Shortly after surgery, I gave myself three of those “7 days, 7 photos” challenges and I haven’t delivered. I’ve been working on them; got one posted. But I’ve spent bits and drabs of time over many weeks selecting photos from 2015 and organizing them into categories. Now, rather than just three challenges, I’m working on seven.
Last night I got really close with seven landscape photos, but I didn’t finish, and today it’s Bloom Day. Coincidentally, one of my challenge categories is “blossoms.” So, from many hundreds of flower blossom photos I created in 2015, I’ve chosen seven to feature for my blossom photo challenge on Bloom Day. Captions may not identify the types of flowers, but they provide background on where I found them.
Not a remarkable photo, but it’s special to me because I captured it while visiting Kylee Baumle at her home in Ohio. I “met” Kylee away back when on Twitter, and it was a great privilege to meet her in person and tour her garden. Kylee blogs at Our Little Acre.
In June of 2015, Garden Writers Association sponsored a regional meeting at the Morris Arboretum in Philadelphia. It was an unseasonably hot day, but the arboretum was well worth the sweat. Among the many amazing trees, there was a Giant Magnolia in bloom, with several blossoms low on the tree (though inconveniently shaded). The blossom in this photo would easily cover a dinner plate.

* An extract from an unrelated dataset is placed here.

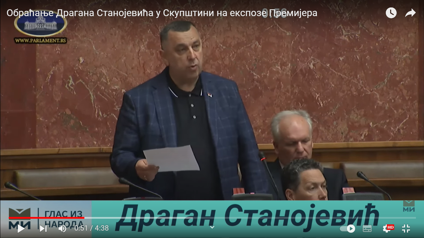 Обраћање Драгана Станојевића у Скупштини
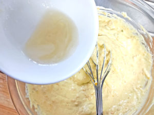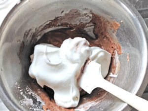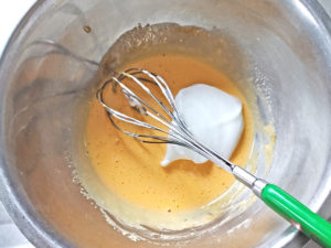 ![]() 6:メレンゲをひとすくい生地に加え、なじむまでよく混ぜましょう。 |

Two doors north of the Cityslipper ranch stands a vacant house once owned by a WWII vet who shared stories with me about his combat experiences and about the character of the neighborhood—he had lived here many years before we moved in. There is a robust magnolia tree next to the driveway, and I’ve taken liberties over the years to capture photos of the gorgeous pink blossoms in early spring. I could fill a photo album with magnolia blossom photos, but this one from spring of 2015 is one of my all-time favorites.
Here at the Cityslipper ranch, I’ve acquired several hydrangeas over the years and have had miserable luck with them. Each has grown vigorously in its first season, and then gotten chewed back to the soil line in early winter. This particular plant got eaten two or three years in a row before I finally put a fence around it and several other hydrangea and rose bushes. Starting on second year growth in 2015, the plant didn’t add much bulk, but it produced this single cluster of blossoms that hung on for at least three months. I loved the variety of delicate colors and captured, perhaps, 30 or more photos of it throughout the season.
Also at the Cityslipper ranch, I make a concerted effort each year to capture unique photos of my food plants. This photo is of bean blossoms. I grew climbing beans in the garden annex extension where they received direct sunlight sporadically throughout each day. One day when most of the annex extension was in shadow, these blossoms caught a bit of sunshine and begged me to take some photos.
I see a lot of photos of water lilies. No doubt these flowers are popular subjects because they’re gorgeous. I go a bit gaga when I have an opportunity to capture photos of them because they’re not common—it’s a great pleasure to visit water gardens that feature these delicate beauties. This summer, my wife and I enjoyed a day at the legendary Longwood Gardens. Among the many sights there is a large courtyard of pools hosting all kinds of water plants including both day-blooming and night-blooming water lilies. This is one of my favorite photos from that day.